MFPaQ offers an export option to report software results in Microsoft Excel format.

4) Browsing the example files

1) Open the program

2) An “Example” profile has already been generated. To get a demo of the software and view the example datafiles, go in the “Home page”, choose “Example” in the “List of Profiles” menu and open the “Example” session.

3) To view the profile configuration click on “Configure a profile” in the “Profiles” menu. The parameters that were used to parse Mascot .dat files are displayed here.

4) In the “Mascot File Parser” menu, click on “Open an experiment” and display the list of experiments. The three experiments described in the manuscript will appear.

5) By clicking on an experiment link (number or name), you reach a table where the Mascot .dat files of the experiment are detailed.

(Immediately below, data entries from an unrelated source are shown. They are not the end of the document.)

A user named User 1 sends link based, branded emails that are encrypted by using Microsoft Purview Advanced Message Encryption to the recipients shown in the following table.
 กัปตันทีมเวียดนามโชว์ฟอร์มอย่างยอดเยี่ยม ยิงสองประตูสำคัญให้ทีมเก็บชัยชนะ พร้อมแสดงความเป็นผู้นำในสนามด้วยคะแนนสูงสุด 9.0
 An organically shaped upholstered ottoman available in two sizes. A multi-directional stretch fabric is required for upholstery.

6) To see the parsing of a single .dat file, click on the link, a summary table of proteins found in this mascot result is displayed. You can expand the table with the menu “Show peptides” that display peptide of each protein, and with the menu “Show same sets”, that allows to view all the proteins groups (a protein group correspond to all the proteins matching the same set of peptides). When a protein has been automatically validated, it is displayed in green in the table. By default, the check box located on the right of a protein entry is automatically selected for green protein, but manual selection or de-selection of proteins is possible by clicking these boxes, and then saving the manually validated list.

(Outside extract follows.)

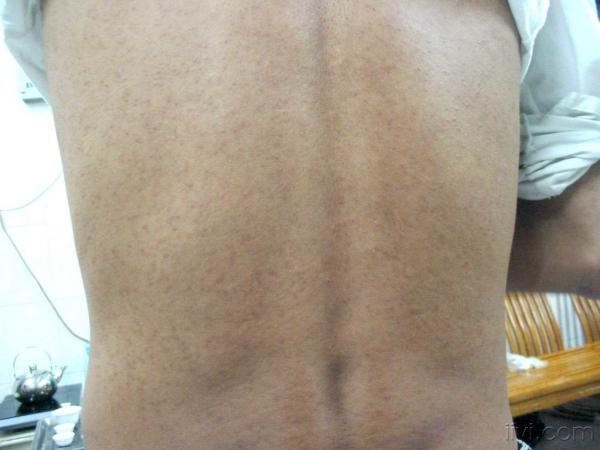 患者24岁。12岁起,上半身皮肤粗糙,不痒!余无症状。皮疹如图!
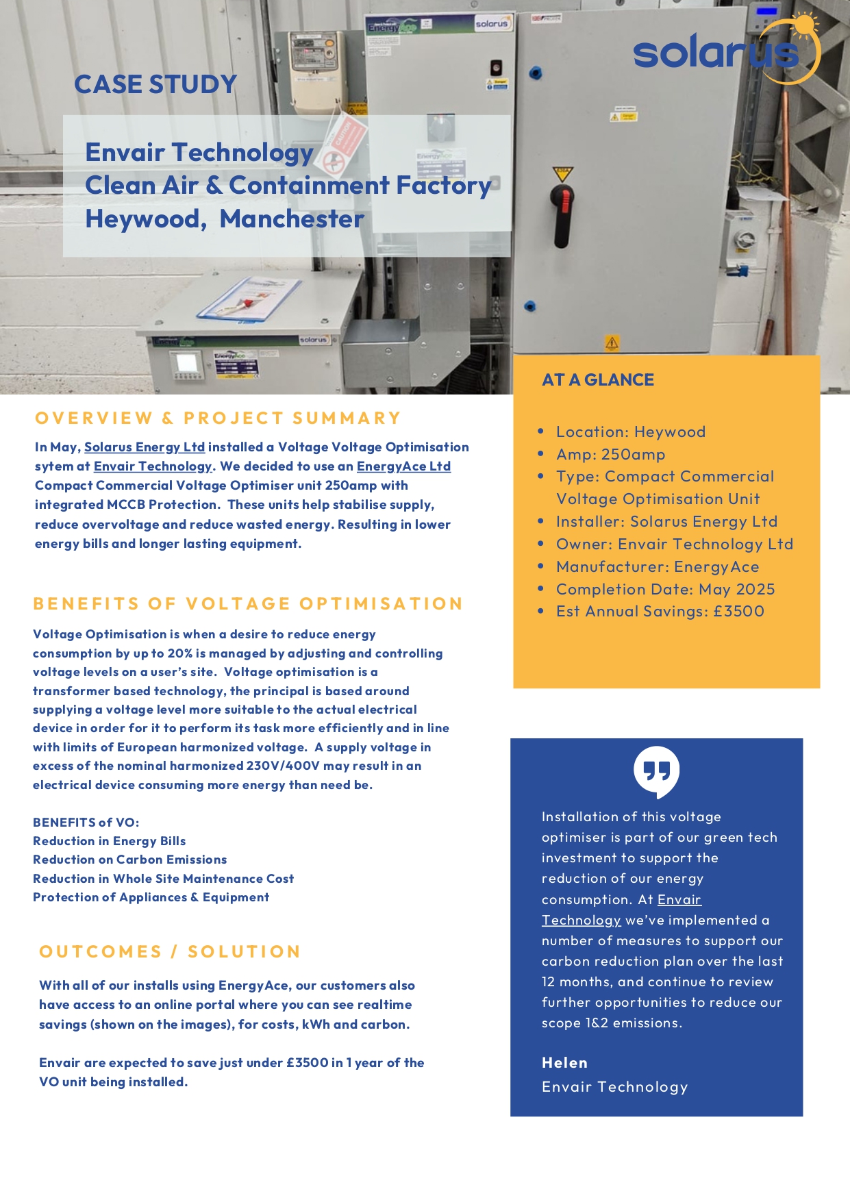 In May, Solarus Energy Ltd installed a Voltage Voltage Optimisation sytem at Envair Technology. We decided to use an EnergyAce Ltd Compact Commercial Voltage Optimiser unit 250amp with integrated MCCB Protection. These units help stabilise supply, reduce overvoltage and reduce wasted energy. Resulting in lower energy bills and longer lasting equipment.

7) To generate concatenated protein lists, go back to the “Mascot file parser” menu and click on “Generate a protein list”. Choose an experiment by clicking on one experiment name. The concatenated protein list is generated. To open it, click on the link “Display the list”.

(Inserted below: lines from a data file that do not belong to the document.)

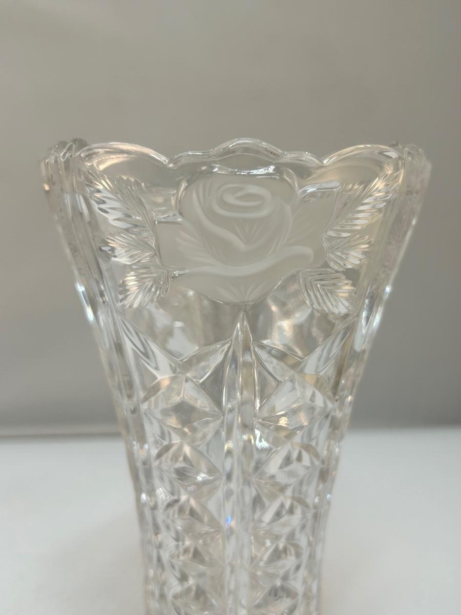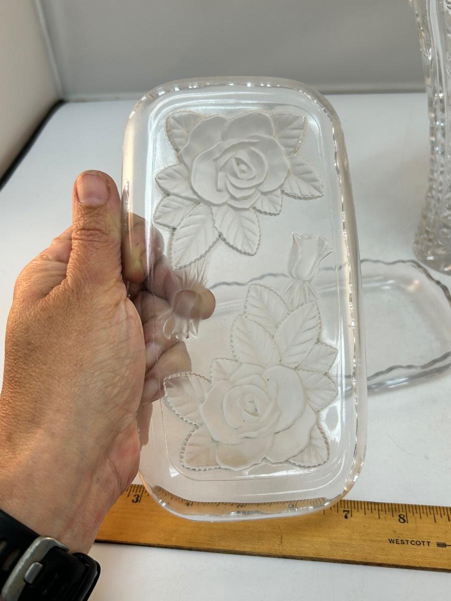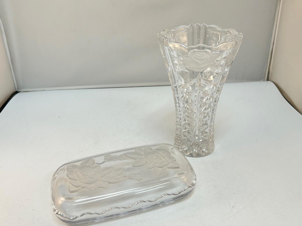 Frosted Embossed Rose Pattern Flower Vase and Lidded Trinket Dish. In good condition. Vary similar patterns.
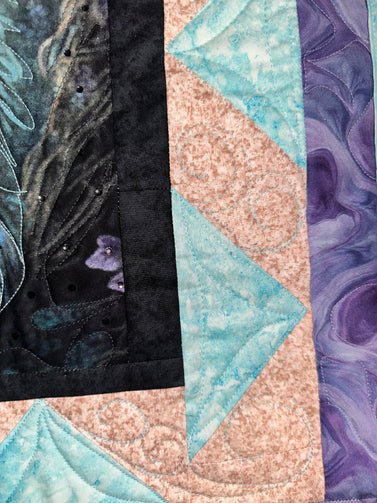 my quilt finished at 28”x33” all is pre cut and instructions picture and hot fix crystals are there also you can quilt this or can ship back to us and we will quilt for 1/2 price quilting ! Beginner level! Pre cute strips all cut this is mindless sewing!
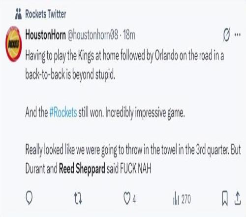 休媒:先是帮助火箭击败国王,随后又客场挑落魔术,NBA的赛程设置的很不合理,但火箭还是赢球了,第三节我们就要放弃时,杜兰特、谢泼德挺身而出说NO。
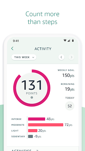 • Informed by guidelines from the American Heart Association, Halo measures the intensity of your activity in addition to tracking steps and sedentary time. This means that working harder—like taking two stairs at a time, or going for a jog—helps you reach your weekly goals faster.

8) “Quantification module”: for this set of examples, data have been already processed by the “Extract Daemon”, an external tool that retrieves the intensity of previously validated peptides in the MS Survey data.
By clicking on the “Quantification” menu, and then on “Open a quantification analysis”, you can display the two quantification analyses of the manuscript. The link on each experiment name allows to view the detail of an experiment (list of all mascot dat files, quantified with the corresponding wiff file). If you click on a sample name (in the column “Mascot dat file” or “Title”) you reach the quantification window for this particular dat file. Click on the accession number link to display the “Quanti quick-viewer” and see how quantification is performed for each protein.
To generate a global quantification report for an experiment, click on “Create a quantification report” in the “Quantification” menu. Proteins or protein groups identified and quantified in different fractions are clusterized to generate a final non-redundant list of protein groups, with their normalized protein ratio and the associated global coefficient of variation.